▸ **WORK REQUIRED**: Leave the pictures in the listing below aside and reproduce exactly the lines starting with the one with "U.S. Bank has" and going on through the one with "新しいディスクはEBC Contour Brake", both ends included.

▸ **GIVEN RECORDS**:

********************

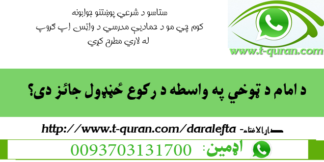 جواب ويونکی: مفتي عبدالهادي حماد. ستاسو د شرعي پوښتنو جوابونه کوم چي مو د حمادیه …
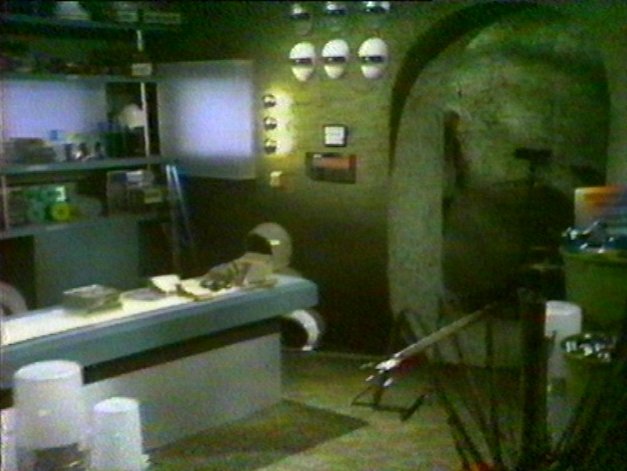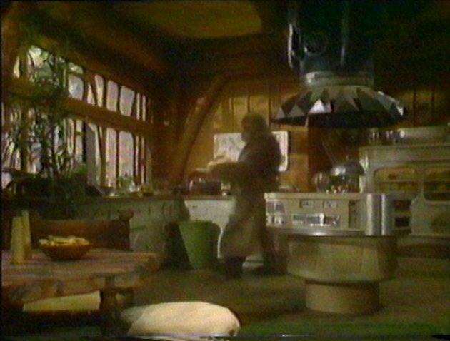 The ground floor area farthest from the entrance is the kitchen. There are benches on the circumferential wall and the radial wall that ends the main living area. On the radial wall there are windowed cupboards which may contain foodstuffs. A flatscreen display stands on the outer bench, where Mallatobuck receives video cooking lessons. A circular stove/oven stands between the kitchen and the lounge area, with a large air-hood hanging over it. Both are over a metre in diameter.
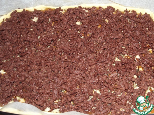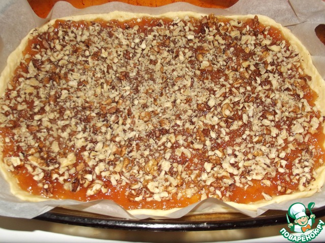 Распределить грушевый джем, посыпать дробленными грецкими орехами. В процессе выпечки они пропитаются джемом и станут невероятно вкусными.
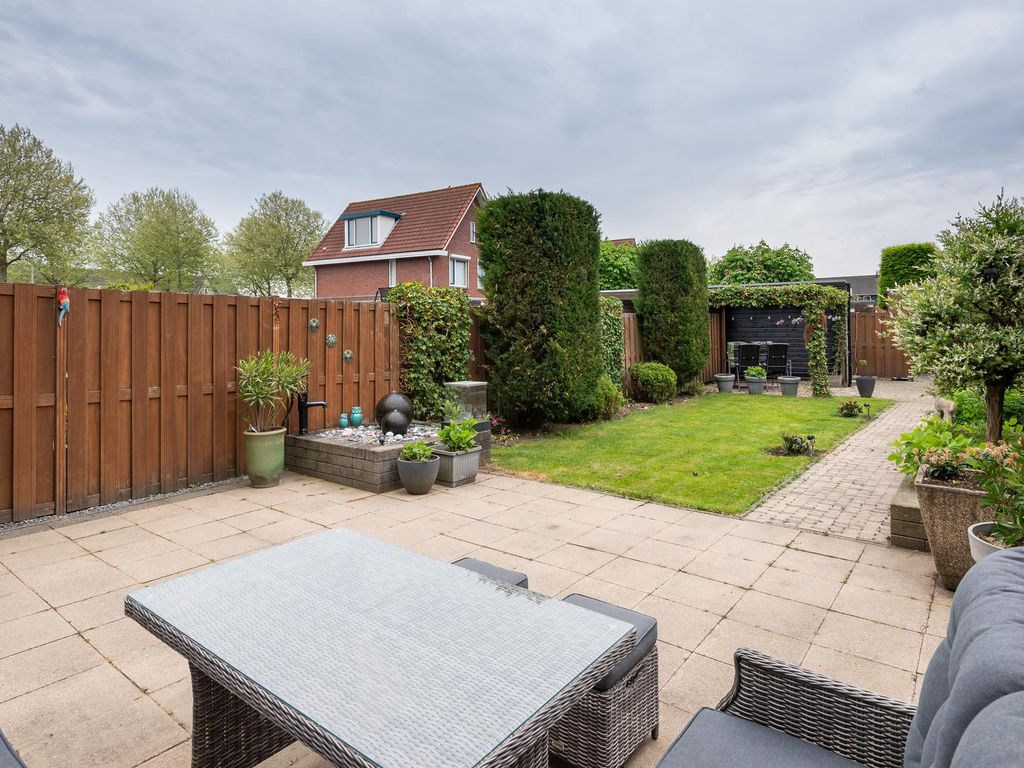 Zeer diepe, mooi aangelegde achtertuin op het Zuid-Oosten met houten schuren en poort naar een achterom.
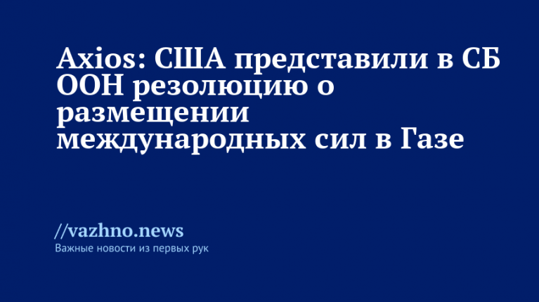 Представители США в понедельник, 3 ноября, передали ряду членов Совета Безопасности ООН проект резолюции, предусматривающий размещение на территории сектора Газа международных сил стабилизации минимум на два года. Об этом 3 ноября сообщил со ссылками на источники портал Axios, в распоряжении которого оказался соответствующий документ.
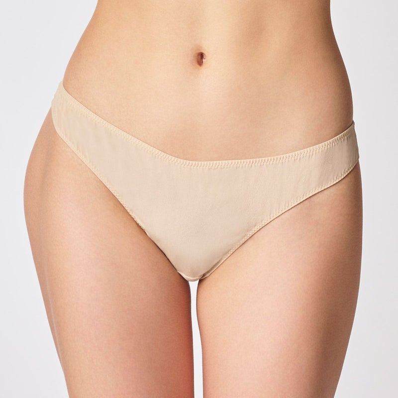 MUSETTE ミュゼット ブランドを象徴するベースライン " 纏うヌード " と題し 日常の様々なシーンが満たされるよう、充実したラインナップになりました。 敏感な肌を包むショーツは、上質なシルクの着用感をより一層実感して頂けます。 後ろの足ぐりにゴムを使用せず、布地の伸縮でヒップに優しく沿う為、 ショーツラインが響きにくく 軽やかで快適な着用感。
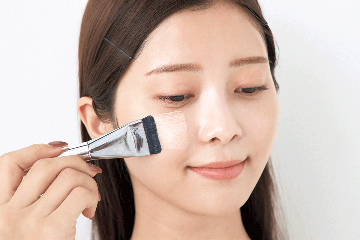 ピンク系の下地AをブラシBにとり、顔の中心からフェースラインの指1本分手前まで広げて、ナチュラルに立体感のあるベースに。
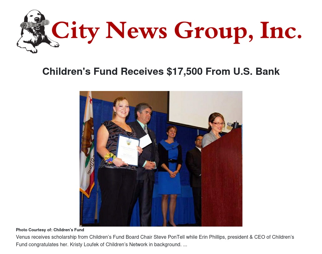 U.S. Bank has approved and presented $17,500 for Children’s Fund Foster Youth Educational Programs which will empower foster and former foster youth through higher education.
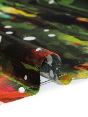 Silk Charmeuse Panel 16MM, Made in Italy – Olive Green, Red and Yellow Streaks and Spots
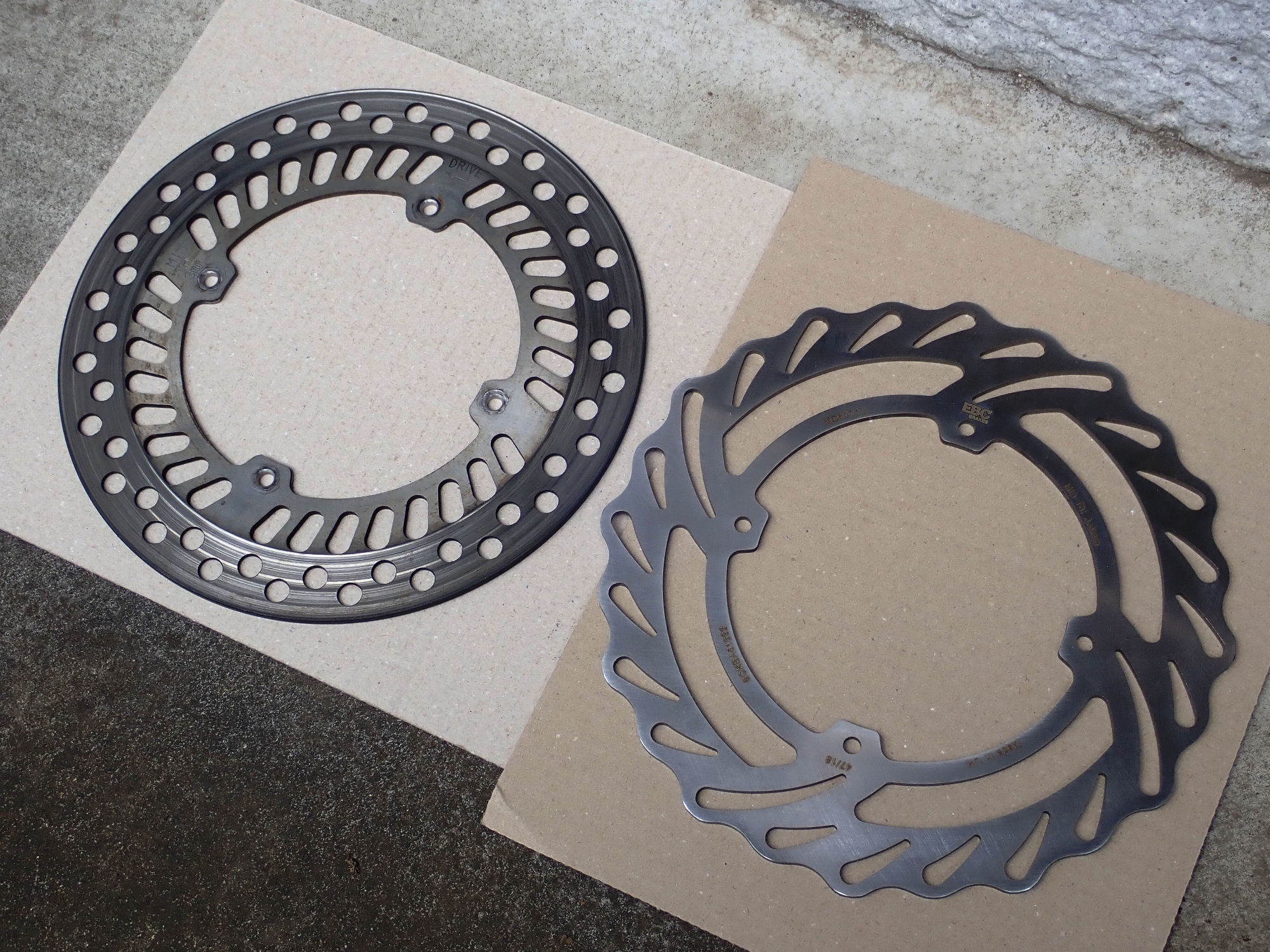 新しいディスクはEBC Contour Brake Rotor。新品469g厚さ3.5mmと交換前より4g軽い。熱容量大丈夫かな。
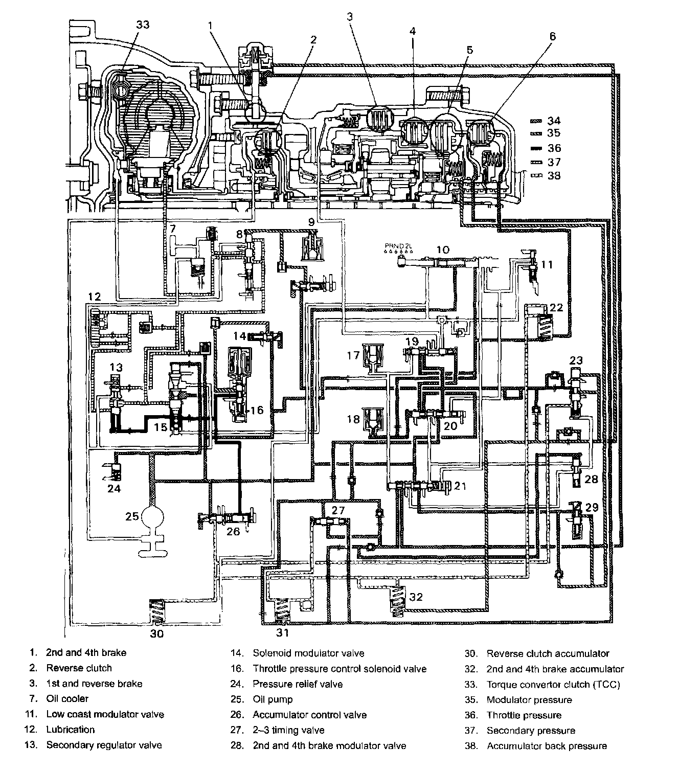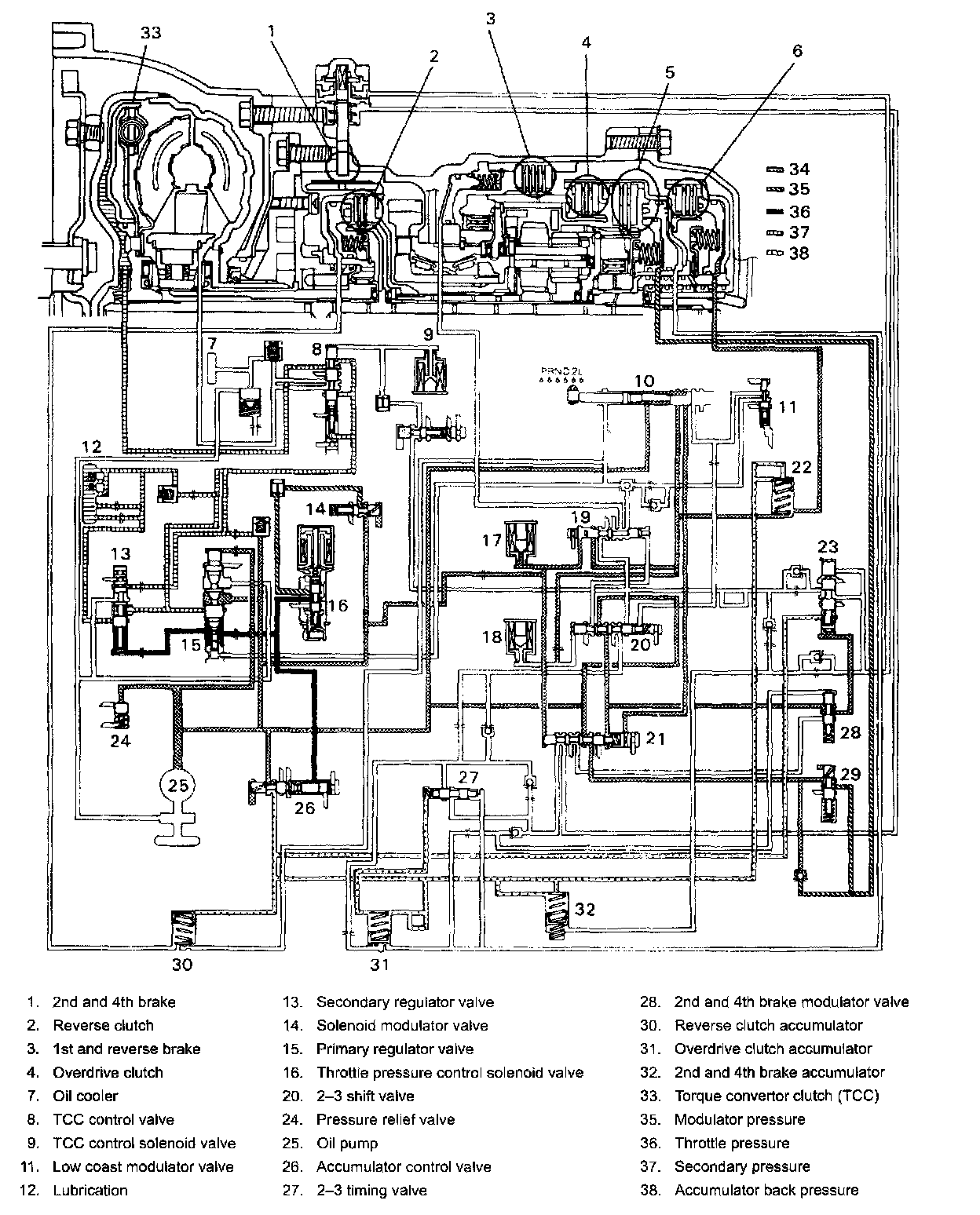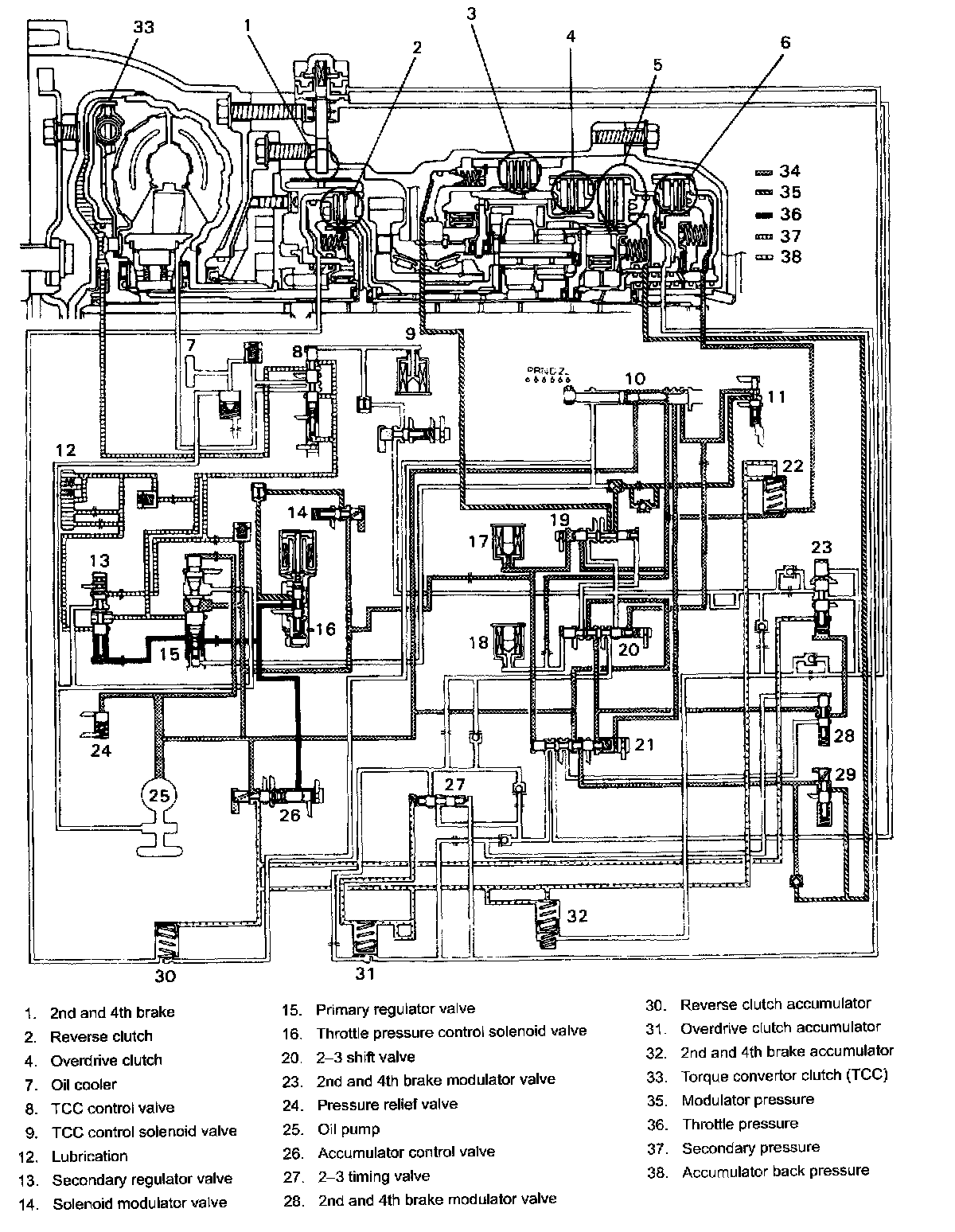Also, the line pressure passing through the manual valve and acting on the 1-2 shift valve passes the 2-3 shift valve and overdrive clutch accumulator (31) to cause the overdrive clutch (4) to engage. When running at a constant speed, as the TCC control solenoid valve (9) turns ON and the TCC control valve (8) moves down, the hydraulic pressure coming from the primary regulator valve (15) passes through the TCC control valve to operate the TCC.
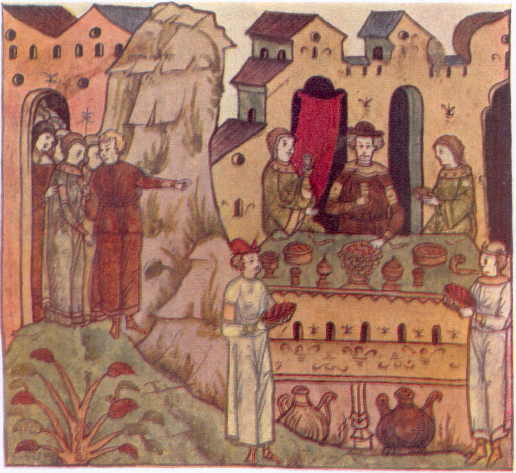 Illustrating a scene from Genesis 26: 30-34 depicting the feast for the marriage of Esau to Judith and Basemath (seated with him at the table). Servants attend and wedding guests are at the door.
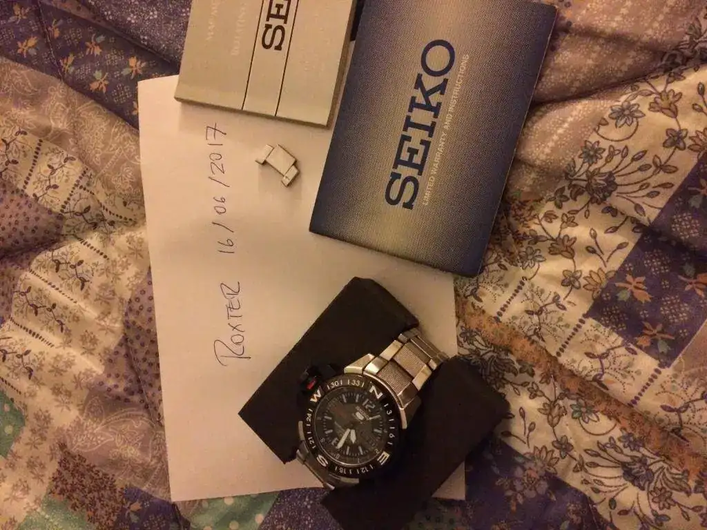 El Armis está ajustado a muñecas de 18-19 cms. Se entrega un eslabón más sin pasador. También lleva su caja original, manual de instrucciones y tarjeta de garantía sin sellar.
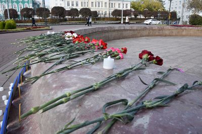 Екатеринбуржцы несут цветы к мемориалу жертвам стрельбы в пермском вузе
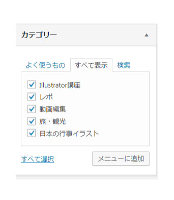 から追加したいカテゴリーにチェックをいれてメニューに追加!
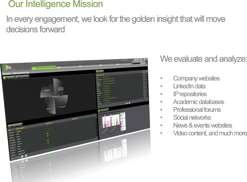 Based on intelligence collection methodologies. We adopt Big Data analytics and creative data sources as basic infrastructure needs; these elements enable us to build a comprehensive overview of the ecosystem.

********************

▸ **RESPONSE**:
 U.S. Bank has approved and presented $17,500 for Children’s Fund Foster Youth Educational Programs which will empower foster and former foster youth through higher education.
 Silk Charmeuse Panel 16MM, Made in Italy – Olive Green, Red and Yellow Streaks and Spots
 新しいディスクはEBC Contour Brake Rotor。新品469g厚さ3.5mmと交換前より4g軽い。熱容量大丈夫かな。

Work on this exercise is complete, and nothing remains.